Zitat von Greg KH <gregkh@xxxxxxxxxxxxxxxxxxx>:
On Mon, May 21, 2018 at 08:41:22PM +0000, guido@xxxxxxxxxxxxxxxxxx wrote:
Zitat von Greg KH <gregkh@xxxxxxxxxxxxxxxxxxx>:
> On Fri, May 18, 2018 at 02:48:11PM +0000, guido@xxxxxxxxxxxxxxxxxx wrote:
> >
> > Zitat von Greg KH <gregkh@xxxxxxxxxxxxxxxxxxx>:
> >
> > > On Thu, May 17, 2018 at 07:03:30PM +0200, Guido Kiener wrote:
> > > > +/*
> > > > + * usbtmc_message->flags:
> > > > + */
> > > > +#define USBTMC_FLAG_ASYNC 0x0001
> > > > +#define USBTMC_FLAG_APPEND 0x0002
> > > > +#define USBTMC_FLAG_IGNORE_TRAILER 0x0004
> > > > +
> > > > +struct usbtmc_message {
> > > > + void __user *message; /* pointer to header and data */
> > > > + __u64 transfer_size; /* size of bytes to transfer */
> > > > + __u64 transferred; /* size of received/written bytes */
> > > > + __u32 flags; /* bit 0: 0 = synchronous; 1 = asynchronous */
> > > > +} __attribute__ ((packed));
> > >
> > > Very odd structure. Your userspace pointer is going to be totally out
> > > of alignment on 32bit systems running on a 64bit kernel. Why have a
> > > separate pointer at all? Why not just put the mesage at the
end of this
> > > structure directly with something like:
> > > __u8 message[0];
> > > ?
> > >
Using a __u8 message[0] ends up with an extra malloc, memcpy, and free
operation in userland, since we always have to append the data of a given
user pointer to this struct. E.g. when I send 4 MByte on my (old) laptop
this takes about plus 6 ms, and decreases bandwidth from 31,0 MByte/s
to 29,5 MByte/s with USB 2.0.
Really? That feels like you are doing something really odd. I guess
you need to figure out how you get the data to/from userspace.

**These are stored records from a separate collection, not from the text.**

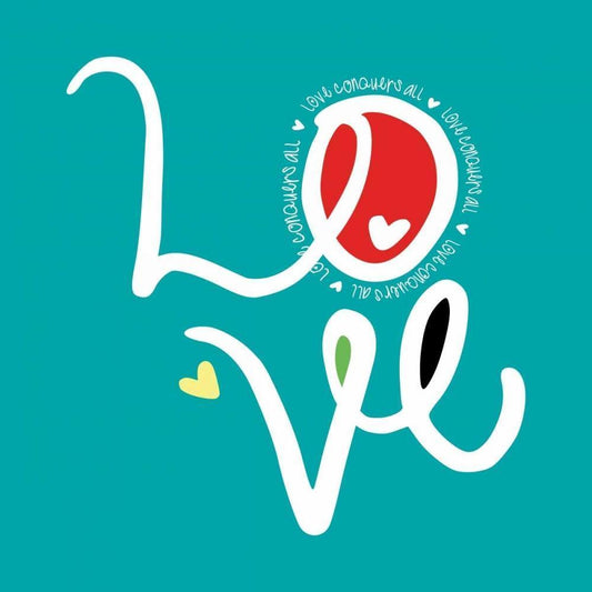 Love Conquers White Modern Wood Framed Art Print with Double Matting by Rodriquez Jr, Enrique
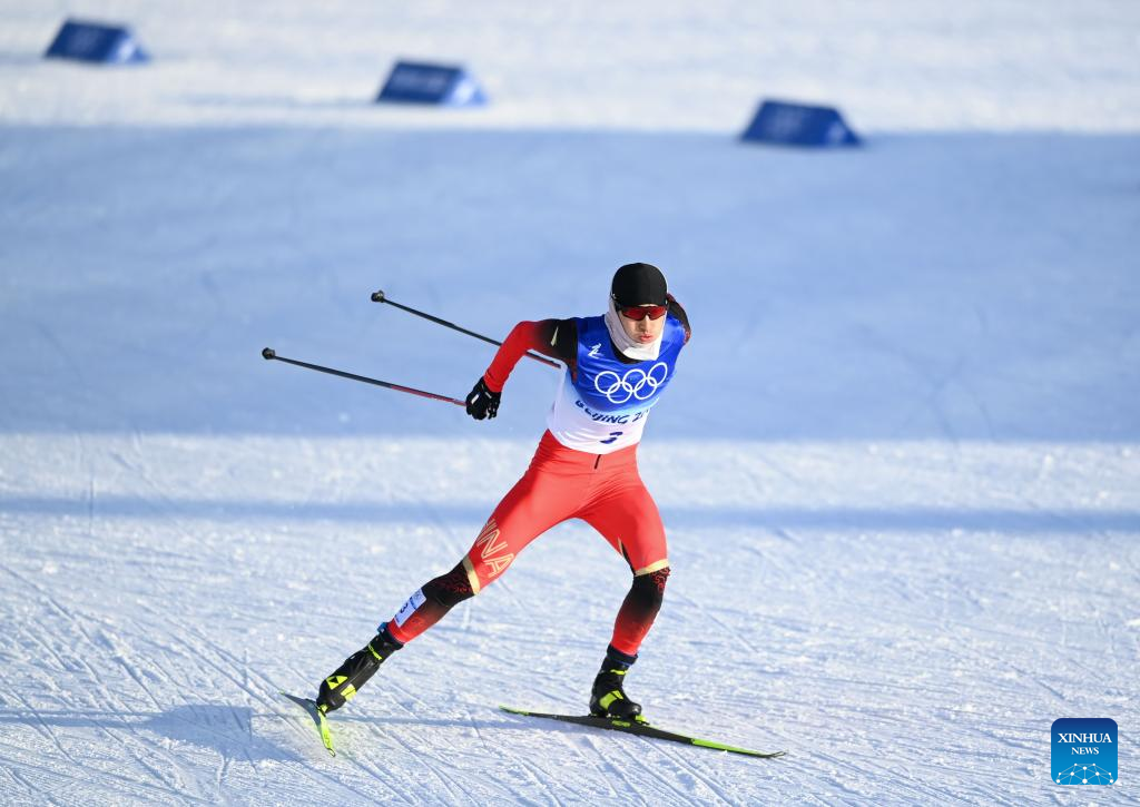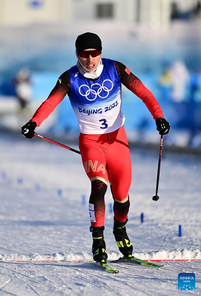 Wang Qiang of China competes during the cross-country skiing men's sprint free qualification match of Beijing 2022 Winter Olympics at Zhangjiakou National Cross-country Skiing Centre in Zhangjiakou, north China's Hebei Province, Feb. 8, 2022. (Xinhua/Zhang Hongxiang)
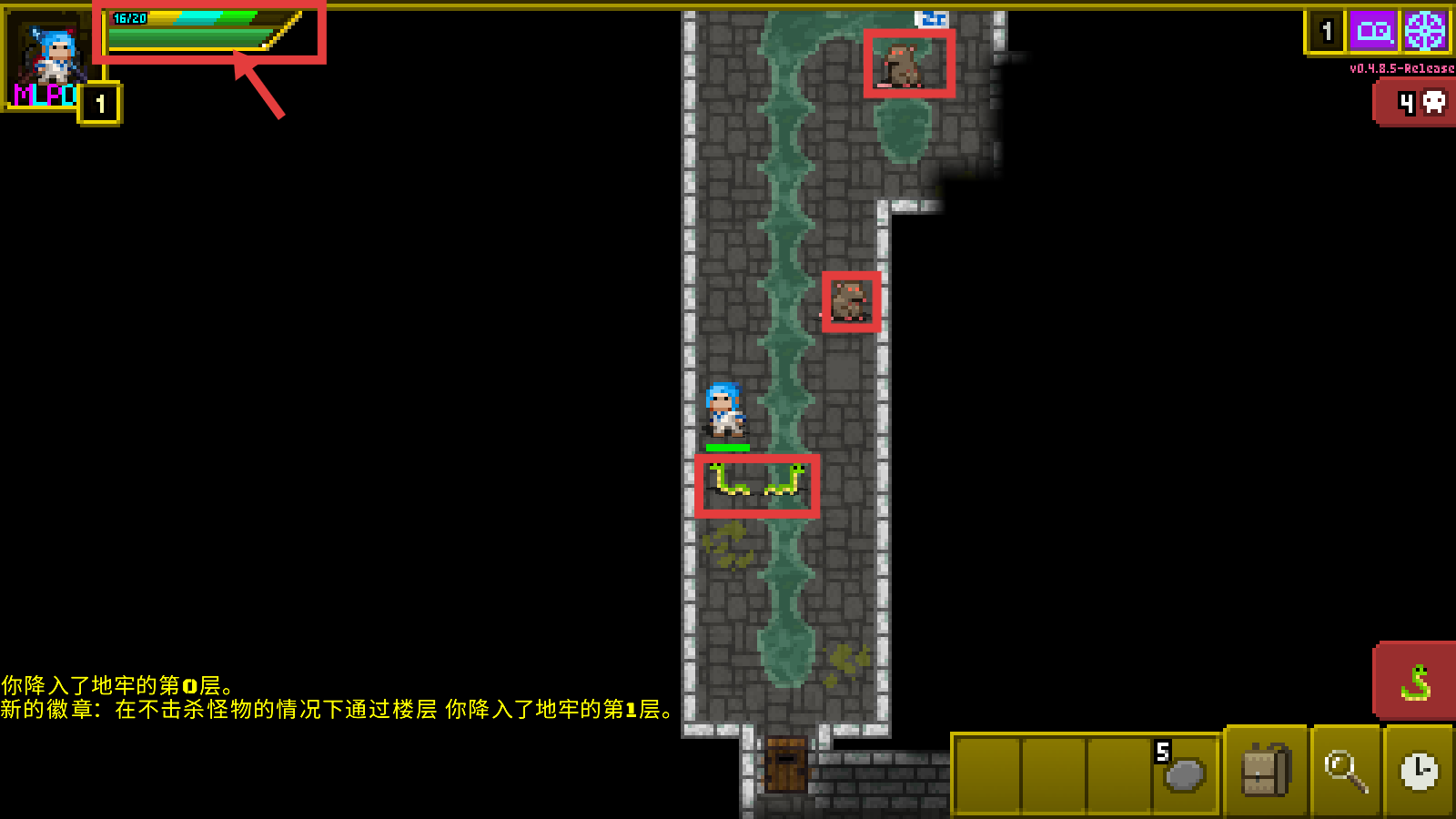2、地牢第0层,留意【16/20-生命值】,躲避老鼠和蛇类怪物,谨慎探索避免受伤。
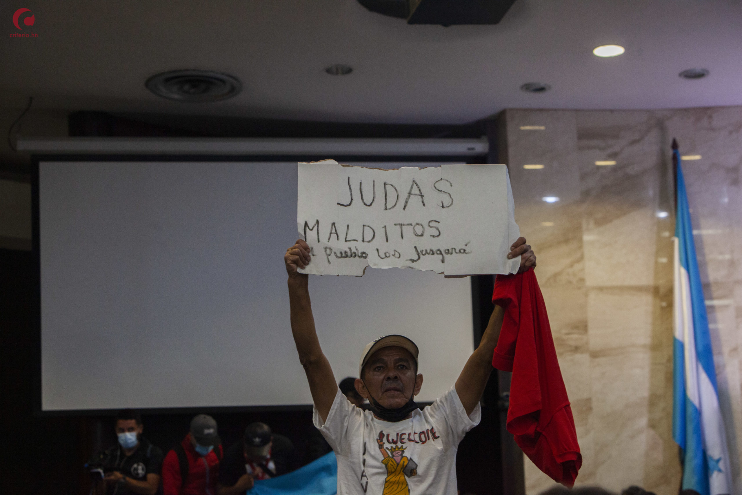 Simpatizantes del Partido Libre ingresaron al hemiciclo legislativo en rechazo a las acciones de los diputados disidentes y en respaldo de la posición partidaria respaldando el acuerdo entre el PSH y Libre.

A typically user API is something like this:
ssize_t write(int fd, const void *buf, size_t count);
ssize_t send(int sockfd, const void *buf, size_t len, int flags);
We use a similar function:
ViStatus viWrite(ViSession vi, ViBuf buf, ViUInt32 count, ViPUInt32 retCount)
When a user calls viWrite(vi, "*IDN? + 4 MB ...\n", 40000000, &retcont) how
can we pass the big buf to the kernel without any copy operation?
Here is a sample algorithm with a minimum (4kB) of copy operation:
See function: tmc_raw_write_common(..) in
https://github.com/GuidoKiener/linux-usbtmc/blob/master/test-raw.c
I hope this struct looks better (in compat mode):
struct usbtmc_message {
__u64 transfer_size; /* size of bytes to transfer */
__u64 transferred; /* size of received/written bytes */
void __user *message; /* pointer to header and data */
__u32 flags; /* bit 0: 0 = synchronous; 1 = asynchronous */
} __attribute__ ((packed));
No, that will not work at all. Again, think about the size of that
pointer.
The compat structure is:
struct compat_usbtmc_message {
u64 transfer_size;
u64 transferred;
compat_uptr_t message;
u32 flags;
} __packed;
For AMD64 it works.
BTW the driver has no .compat_ioctl entry.
Because you didn't need it until now.
ioctl(fd,USBTMC_IOCTL_CLEAR) returns errno = 25 (=ENOTTY) in Linux
Kernel 4.15 when running test-raw32 created with
gcc -m32 test-raw.c -o test-raw32
Does it work with other kernel versions?
So I wonder how it could work with 32 bit applications on 64 bit
systems before submission of our patches. Do I miss something?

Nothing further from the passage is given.